What is needed is a word-for-word copy of the lines below from the one with "当天的节目中,MC刘在石高度" through the one with "To make these", both included, with every picture left out.

[Data provided — start]

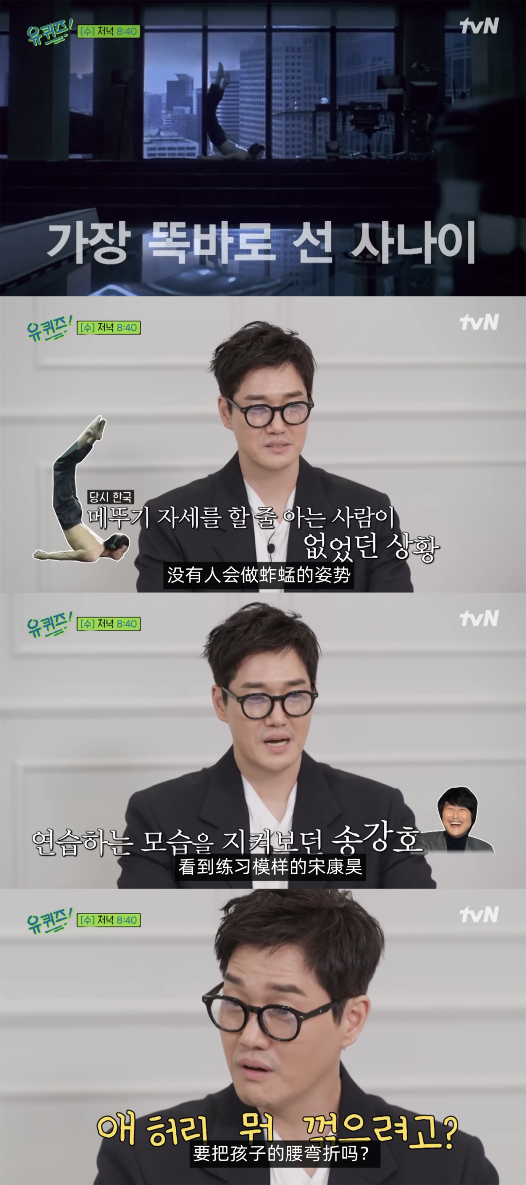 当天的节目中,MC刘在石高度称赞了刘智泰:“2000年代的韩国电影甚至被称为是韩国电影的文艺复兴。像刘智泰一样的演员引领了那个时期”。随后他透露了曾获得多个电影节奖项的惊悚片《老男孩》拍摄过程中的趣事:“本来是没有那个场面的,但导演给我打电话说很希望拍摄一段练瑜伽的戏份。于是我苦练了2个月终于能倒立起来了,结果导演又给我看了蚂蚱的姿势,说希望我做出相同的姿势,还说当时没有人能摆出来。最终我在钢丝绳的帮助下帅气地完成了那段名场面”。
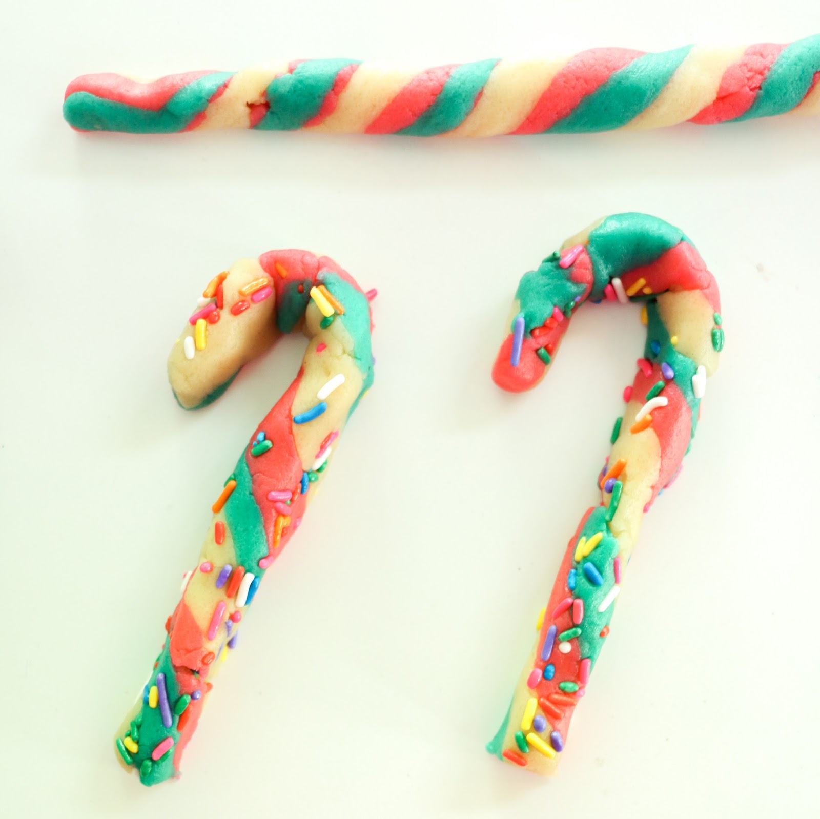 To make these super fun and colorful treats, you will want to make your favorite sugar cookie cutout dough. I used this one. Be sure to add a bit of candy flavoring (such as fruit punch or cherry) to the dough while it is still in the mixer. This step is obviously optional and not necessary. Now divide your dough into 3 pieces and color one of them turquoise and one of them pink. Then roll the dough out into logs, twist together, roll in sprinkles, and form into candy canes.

[Data provided — finish]
[Data provided — start]

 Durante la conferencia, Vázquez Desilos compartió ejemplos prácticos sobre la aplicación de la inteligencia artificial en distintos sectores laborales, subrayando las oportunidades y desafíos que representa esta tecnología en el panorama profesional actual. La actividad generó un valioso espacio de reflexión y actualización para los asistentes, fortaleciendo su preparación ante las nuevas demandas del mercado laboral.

[Data provided — finish]

Written solution =>
 当天的节目中,MC刘在石高度称赞了刘智泰:“2000年代的韩国电影甚至被称为是韩国电影的文艺复兴。像刘智泰一样的演员引领了那个时期”。随后他透露了曾获得多个电影节奖项的惊悚片《老男孩》拍摄过程中的趣事:“本来是没有那个场面的,但导演给我打电话说很希望拍摄一段练瑜伽的戏份。于是我苦练了2个月终于能倒立起来了,结果导演又给我看了蚂蚱的姿势,说希望我做出相同的姿势,还说当时没有人能摆出来。最终我在钢丝绳的帮助下帅气地完成了那段名场面”。
 To make these super fun and colorful treats, you will want to make your favorite sugar cookie cutout dough. I used this one. Be sure to add a bit of candy flavoring (such as fruit punch or cherry) to the dough while it is still in the mixer. This step is obviously optional and not necessary. Now divide your dough into 3 pieces and color one of them turquoise and one of them pink. Then roll the dough out into logs, twist together, roll in sprinkles, and form into candy canes.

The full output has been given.